Sembilan Bulan Tragedi Kanjuruhan: Jokowi dan Erick Tidak Membawa Keadilan ke Malang

Cerita

by Arienal A Prasetyo

Arienal A Prasetyo

Pandit Football Indonesia mengkhususkan pada analisis pertandingan sepakbola, statistik dan liga, juga sejarah perkembangan sepakbola dan evolusi taktiknya

Sembilan Bulan Tragedi Kanjuruhan: Jokowi dan Erick Tidak Membawa Keadilan ke Malang

Devi Athok kehilangan dua anak perempuannya dan mantan istrinya. Ia memberikan pandangan keluarga korban terkait usaha mencari keadilan pada Twitter Spaces Ruang Pandit "9 Bulan Pasca Tragedi Kanjuruhan" Kamis (27/7/2023) malam. Devi membuka cerita dengan membeberkan apa yang terjadi saat keluarga korban mencoba menagih janji kepada Presiden Jokowi dan Ketum PSSI Erick Thohir di Pasar Bululawang, Malang, Senin (23/7/2023).

Devi mengatakan sekitar dua puluh keluarga korban ingin bertemu dengan Jokowi dan Erick. Mereka membawa foto korban dan poster bertuliskan apa yang mereka suarakan. Namun, mereka mendapat perlakuan yang tidak mengenakan dari pihak tentara.

"Kami dikepung seperti teroris, rampok, dan saya diikuti terus.. Kita diintimidasi, Bu Rini, Bu Ifa dibentak-bentak sama pihak kepolisian. Kan, tidak enak. Saya sampai diikuti, dicekek sama pihak TNI itu, tentara itu," katanya.

Bermacam intimidasi diterima Devi selama memperjuangkan keadilan. Setelah mengajukan autopsi dua jenazah anaknya melalui Koordinator Tim Advokasi Tragedi Kanjuruhan (Tatak) Imam Hidayat, ia ditelepon beberapa orang tidak dikenal untuk tidak berbuat macam-macam. Bahkan keluarganya juga ikut diteror. Ia akhirnya mencabut permintaan autopsi itu karena khawatir akan berdampak ke keluarganya. Saat ia mengajukan autopsi kedua, teror datang lagi. Ia bercerita akan dikenai pasal oleh salah satu anggota kepolisian. Selain mendapat intimidasi dari kepolisian, ia mengaku mendapat teror dari oknum Aremania. Satu yang masih diyakini Devi, ia bersikeras dua anaknya tidak meninggal di Pintu 13 karena terinjak-injak, melainkan karena gas air mata di tribun.
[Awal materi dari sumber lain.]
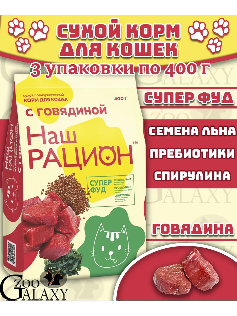 Сухой корм для кошек с говядиной 3х400 г
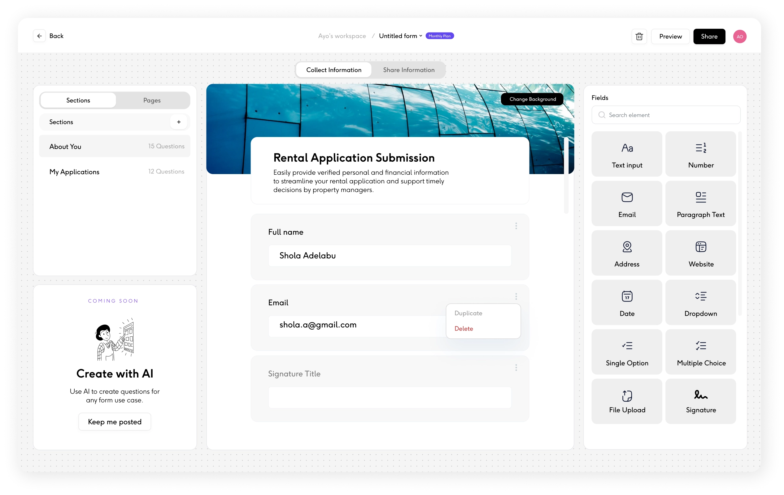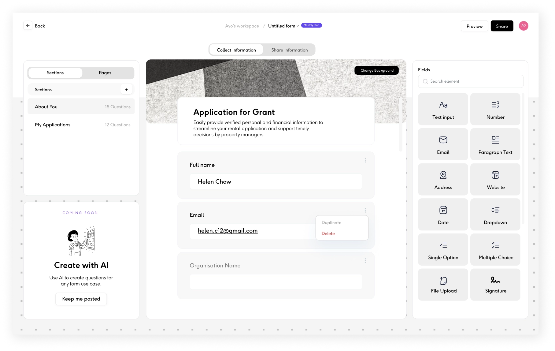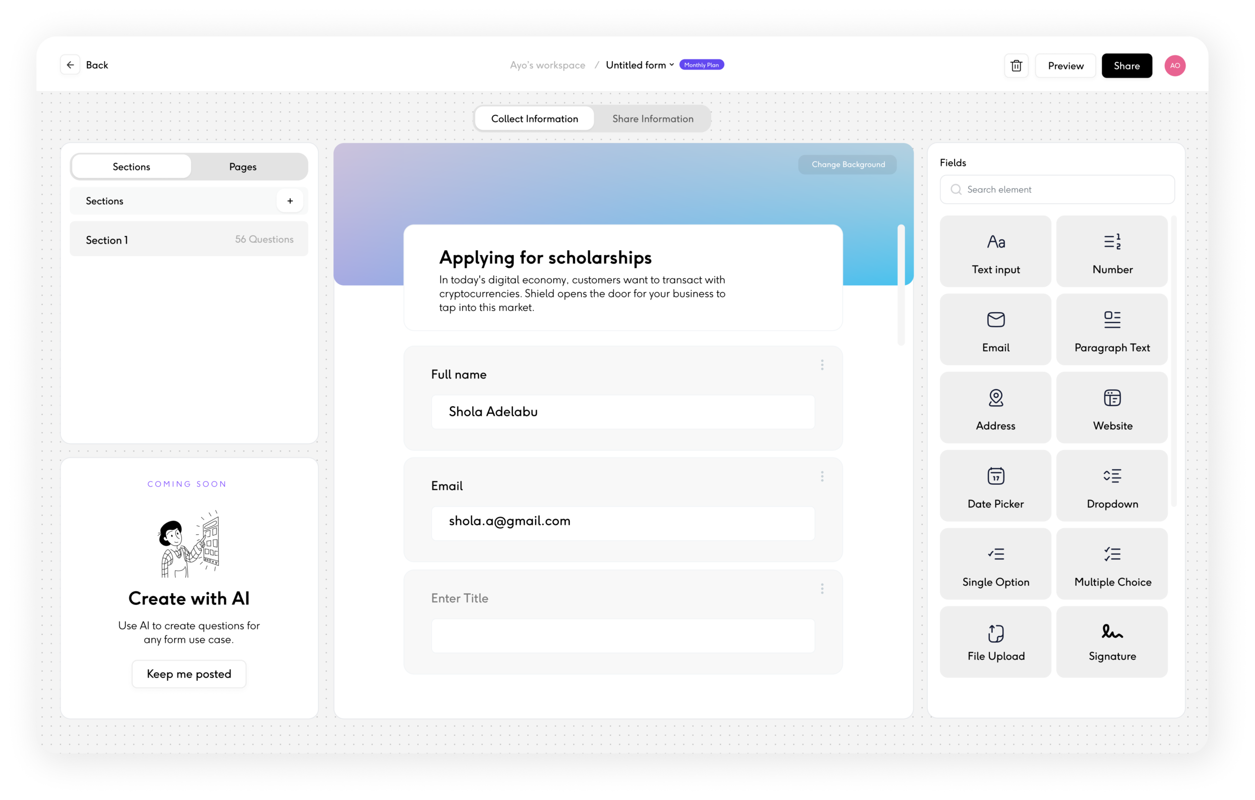 Build from scratch or select from pre-designed templates and customize them to suit your needs. Whether you’re collecting applications, onboarding details, or documents, templates help you get started fast, without building from scratch.
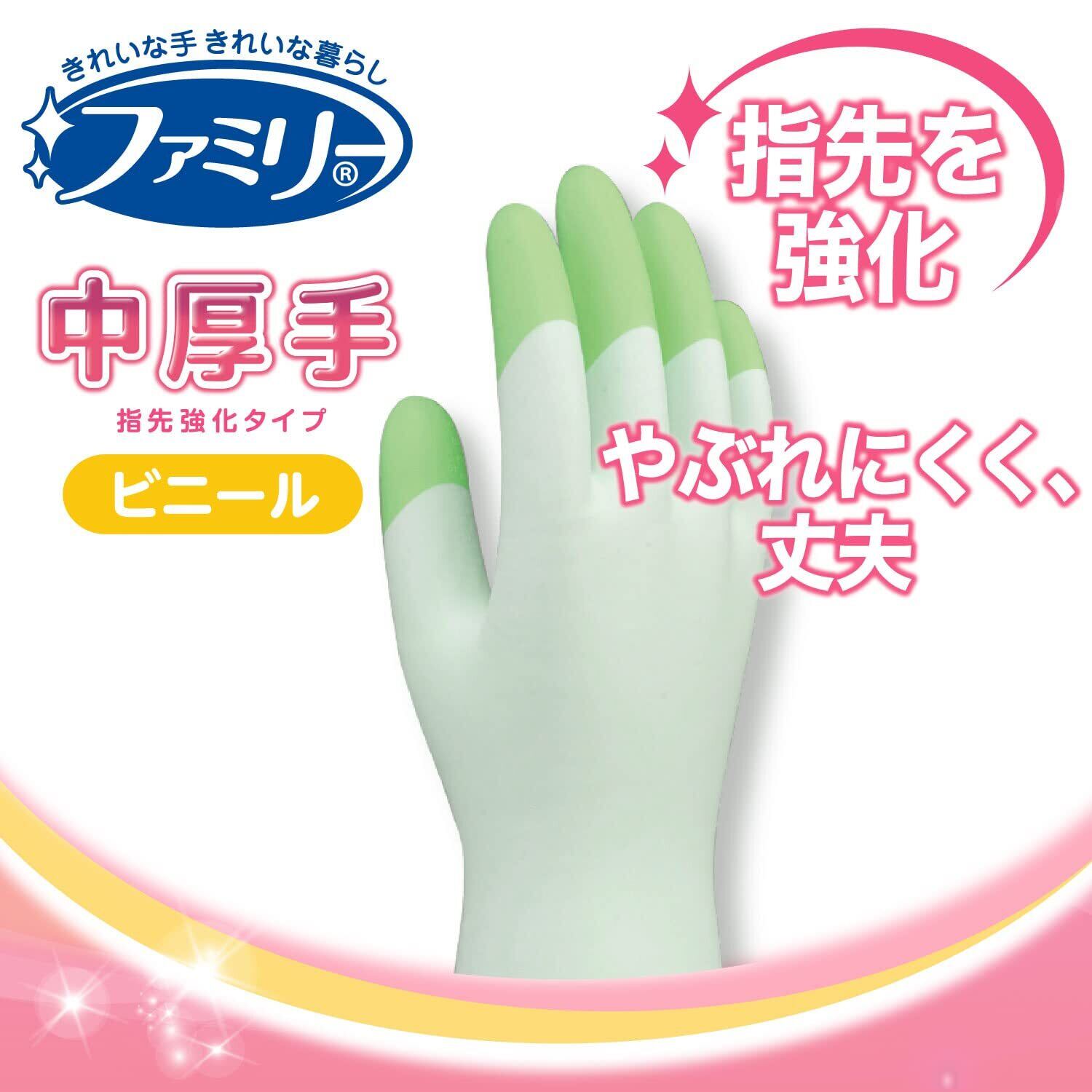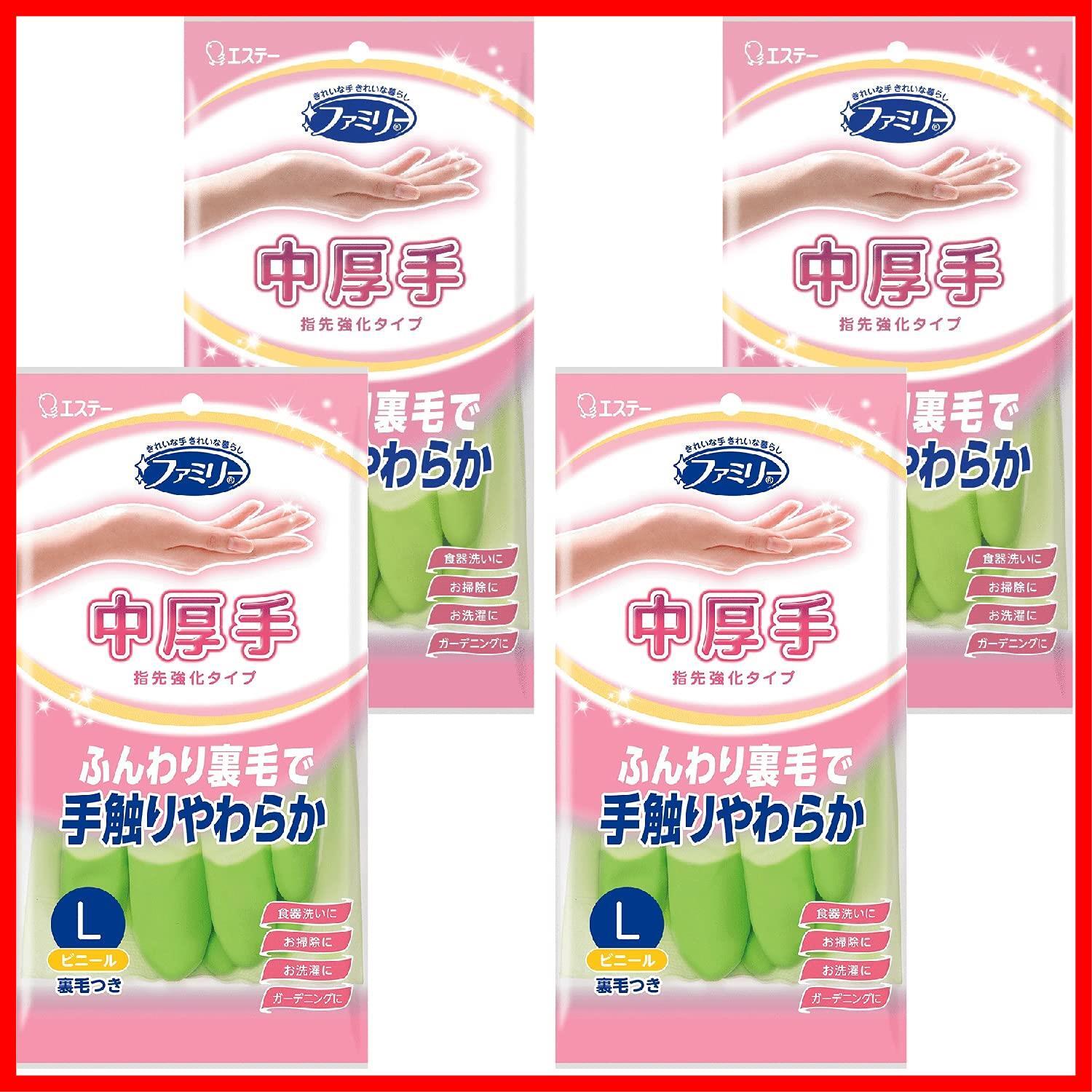 ファミリー [まとめ買い] 家庭用手袋 ビニール 手袋 中厚手 指先強化 Lサイズ グリーン×4個 キッチン 食器洗い 掃除 洗濯 ガーデニング

Sejak Sabtu, sebelum Presiden mengunjungi Pasar Bululawang, rumahnya sudah dijaga ketat pihak kepolisian maupun TNI. Truk polisi serta orang berseragam dan tidak berseragam berada di halaman rumahnya sejak pagi.

Bahkan ketika ia datang ke Pasar Bululawang setelah mendapat telepon dari Cholifatul Noor, tiga mobil kepolisian mengikutinya.

Cholifatul Noor atau akrab disapa Ifa, adalah salah satu keluarga korban yang juga hadir di Pasar Bululawang. Senin pagi, sekitar jam delapan, ia bersama beberapa keluarga korban sudah berada di Pasar Bululawang. Mereka membawa foto keluarga dan poster. Beberapa intel memotret mereka. Kemudian ada tentara yang menghampiri dan membentak-bentak, padahal poster yang dibawa belum dibentangkan.

"Tentara itu maju ke barisan anak sekolah, nunjuk ke kita `tangkap itu ibu-ibu,`. Tulisan (poster) yang nggak saya tunjukin dirampas, mereka marah dan bentak-bentak kita," kata Ifa.

Saat Ifa berusaha mengambil poster yang sudah dirampas, ia terjatuh dan tentara itu menganggap bahwa Ifa akan memukulnya dan terjadilah adu mulut. Saat rombongan Erick Thohir datang, mereka mencoba memanggil Ketum PSSI itu. Ifa pun tidak lupa apa yang diomongkan Jokowi pada Oktober 2022 lalu.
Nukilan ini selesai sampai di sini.